Cincinnati — Anti-Streetcar Ballot Qualifies
Rail Transit Online, August 2011
Local voters will have another chance on Nov. 8 to decide whether they want the city to build a streetcar starter line from downtown to the Over-the-Rhine neighborhood.
A last-minute push by anti-streetcar organizations led by the NAACP managed to gather a sufficient number of signatures to place the question on the ballot. In addition to banning streetcar construction until at least 2020, the measure would block "...any system of passenger vehicles operated on rails constructed primarily in existing public rights-of-way," including LRT. An almost identical ballot question was defeated in 2009, and the campaign by both
sides is expected to be largely similar to that of two years ago.
"The language is the same, except this one extends out to 10 years," Rob Richardson, cochairman of the pro-streetcar group Cincinnatian for Progress, told The Cincinnati Enquirer. "it was misleading then and is misleading again this time." The local NAACP leader said Cincinnati shouldn't be building rail transit while budget deficits are forcing cutbacks in social services.

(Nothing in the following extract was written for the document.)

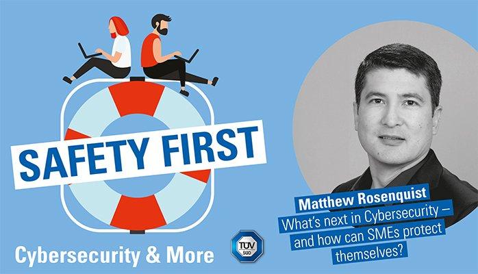 Im Podcast „Safety First“ von TÜV SÜD geht es um Cybersecurity, Datenschutz und mehr. Er erscheint zweimal im Monat mit einer neuen Folge. Ob als Privatmensch, im Job oder als selbständiger Unternehmer: Jeder, der die Chancen der Digitalisierung bestmöglich für sich nutzen möchte, sollte auch ihre Risiken kennen und mit ihnen umgehen können. Zu hören und zu abonnieren gibt es „Safety First“ auf vielen gängigen Podcast-Apps sowie hier: http://www.tuvsud.com/podcast.

Meanwhile, in a move some saw as a demonstration to voters that the streetcar is a done deal, Mayor Mark Mallory, City Manager Milton Dohoney Jr. and other city officials
posted temporary signs at 16 potential station sites. The signs, wrapped around streetlight poles and similar to those used at bus stops, display the streetcar logo and a map showing the adopted route.
During a news conference at Eighth and Main streets, where the first sign was unveiled, Dohoney said, "The road to being competitive is not paved with asphalt. It is paved with rail lines." Mallory was dismissive of the ballot measure, saying it's the same people asking the same question as they did two years ago."We're not going to change direction based on their hopes and dreams," he said.